Reste qu’avant de pouvoir commercialiser son invention, Cutiss a encore du travail. «2021 sera l’année de l’indépendance», assure Daniela Marino. Avec une équipe dédiée, des salles blanches à Schlieren pour la production, des contrôles de qualité. Et, bien sûr, la poursuite des essais cliniques. Des essais de phase II sont en cours en Suisse, aux Pays-Bas et en Italie. Si tout se passe bien, ces tests devraient être terminés dans le courant de l’année 2022.

Production en série

Ensuite, si la nouvelle peau de Cutiss reçoit le feu vert en vue d’une commercialisation, la jeune pousse aura de nouveau besoin d’argent frais. Entre 50 et 100 millions de francs, estime Daniela Marino. Elle n’exclut pas non plus une introduction en bourse. «Pourquoi pas? C’est l’une des nombreuses possibilités», déclare la jeune entrepreneuse. Jusqu’à présent, Cutiss a levé 48 millions de francs.

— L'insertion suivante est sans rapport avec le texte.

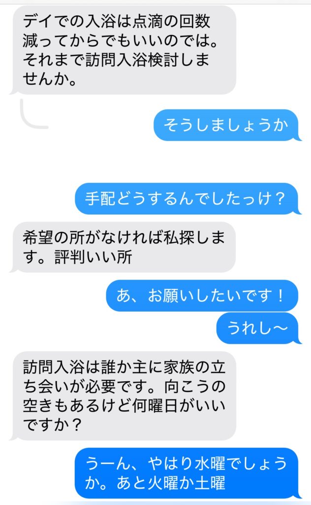 そしてケアマネさんから訪問入浴の提案。往生際悪くデイでと思ってたけどまずは訪問でと提案いただき、オススメのところを上げてもらった。それが今ムッチャ頑張ってくれている訪看さんと同じオススメの場所だそうで、そりゃ心強いよね。
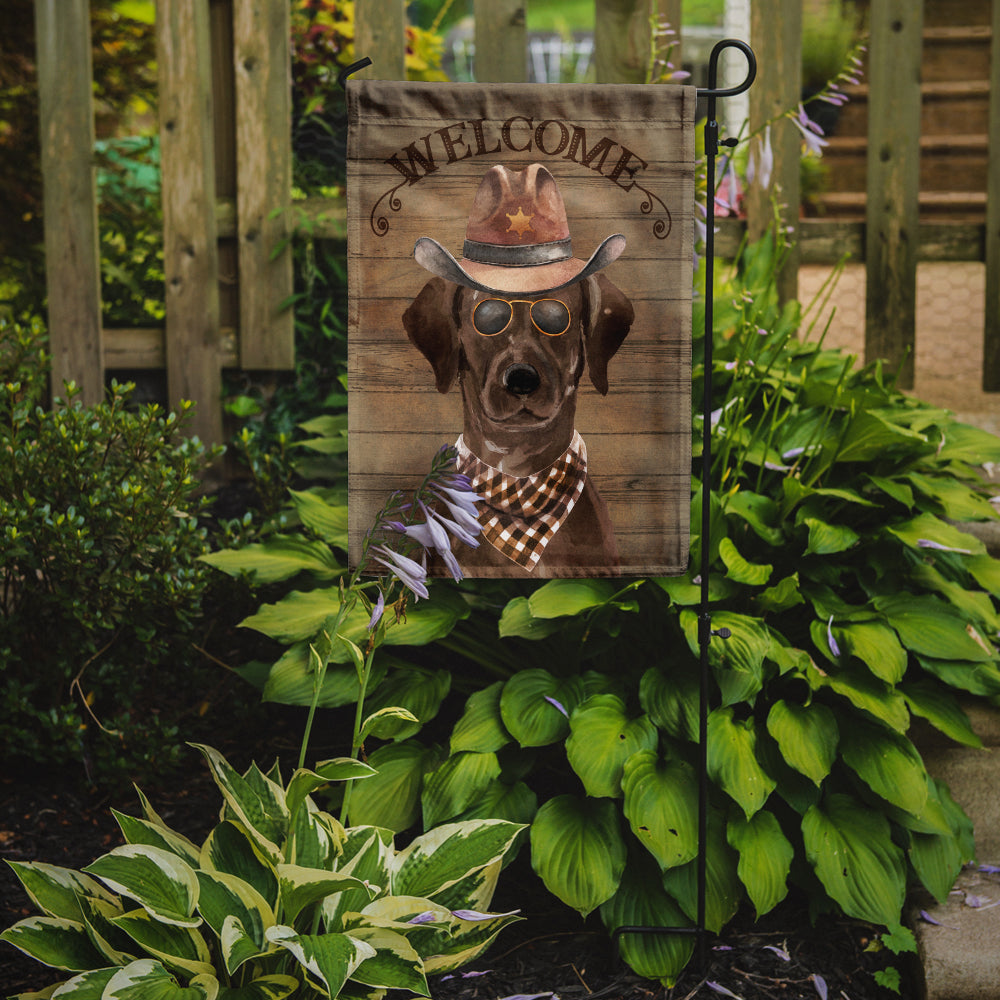 Chocolate Labrador Retriever Cowboy Dog Welcome Garden Flag – Western-Style Dog with Hat & Sunglasses CK6297GF
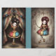 Use this illustration to decorate journal pages, handmade cards, creative paper crafts, or as decorative art for drawers, cabinets, trays, and furniture pieces. The design adds a magical, slightly mysterious vintage circus atmosphere to any DIY project.
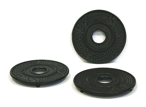 Protect your counters and fine furniture against heat damage with these handsome cast iron trivets. The hole in the center of each trivet allows air to circulate and disperse heat before causing damage to your counters and tabletops.
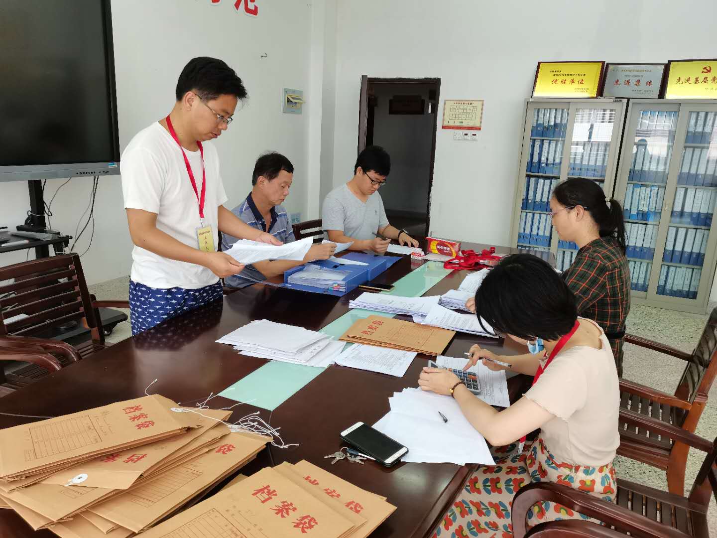 | 面试结束后系书记、系主任与工作人员一起整理面试材料 |
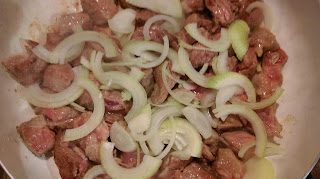 Gdy już będzie zrumienione dodajemy pokrojoną w pióra cebulę.
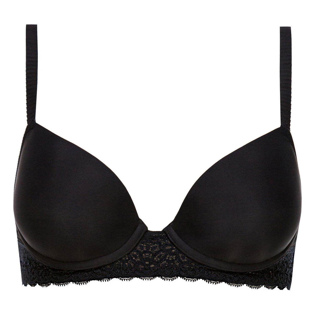 Бюстгальтер пуш ап. З прошарком із мусу, з мульованою гладкою формою чашок. Глибоке декольте. Бічні панелі виконані з мережива – для надання жіночності. Регульовані бретелі.
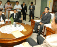 김진표 교육부총리, 윤종건 한국교총회장, 이수일 전교조위원장, 민경숙 한교조위원장이 20일 오전 장관실에서 교원평가제에 대한 공동합의문 발표 문안에 대해 논의했다.
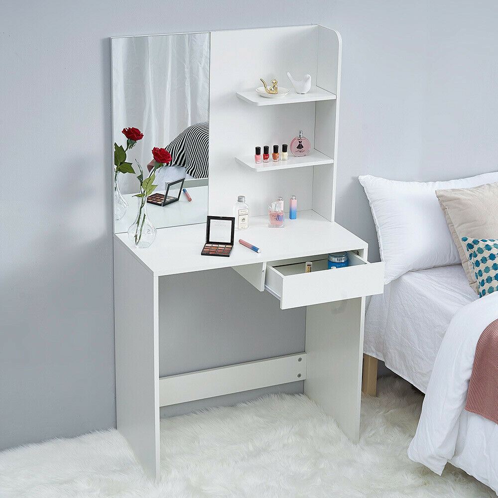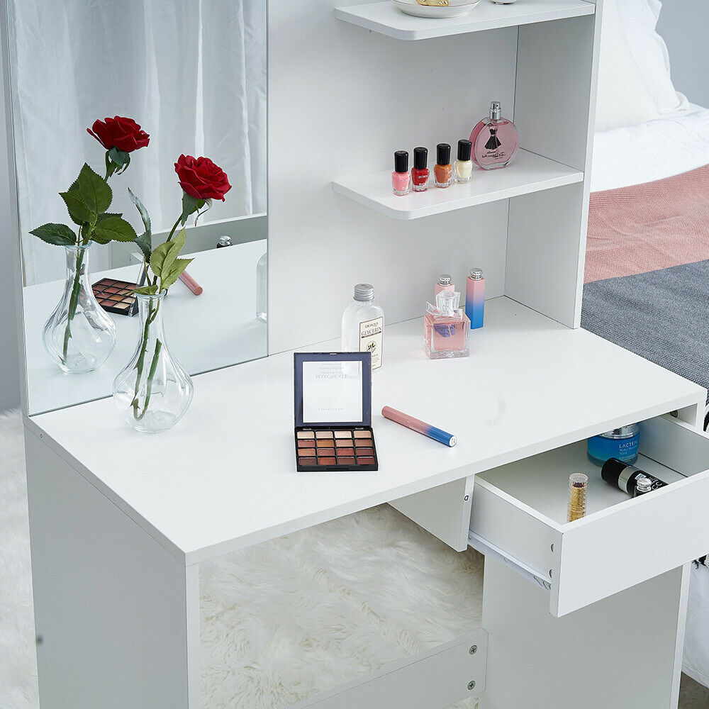 Modern Dressing Table Jewelry Makeup Desk w/ Mirror Drawer Bedroom White UK

Une bonne partie de ces fonds sera destinée à la production en série de machines à fabriquer de la peau, entièrement automatisées. Pour l’instant, il n’en existe qu’un prototype mais, à l’avenir, Cutiss souhaite utiliser ces machines pour produire des greffons de peau à grande échelle pour les hôpitaux. «Il y a encore beaucoup à faire, assure la dirigeante, mais nous avons une équipe qui est capable d’y arriver.»

Il a toujours été clair pour Daniela Marino qu’elle voulait devenir une scientifique. Même à l’âge de 7 ans, assure-t-elle, c’était son objectif. Un objectif qu’elle n’a cessé depuis lors de poursuivre. Elle a étudié la biotechnologie à Milan, a fait son doctorat à l’EPFZ, est devenue associée de recherche à l’UZH, fait partie d’un projet financé par l’UE, puis Wyss Zurich, et enfin Cutiss. Le fait qu’elle n’est plus seulement une scientifique mais aussi désormais une entrepreneuse a changé sa vie professionnelle, mais son objectif est resté le même qu’avant: «Je veux aider les gens.»


4 questions à Daniela Marino

1. Quelle est la leçon la plus importante que vous avez tirée de la crise du covid?
Il faut être flexible pour survivre.

2. Quelles sont vos recommandations en matière de télétravail?
Nous suivons les directives de l’OFSP.

3. Quelle est la dernière fois que vous avez surpris vos employés?
J’essaie de les surprendre de manière positive tous les jours.

4. Où passerez-vous vos prochaines vacances?
La Toscane sur la plage. J’ai besoin de vitamine «sea»!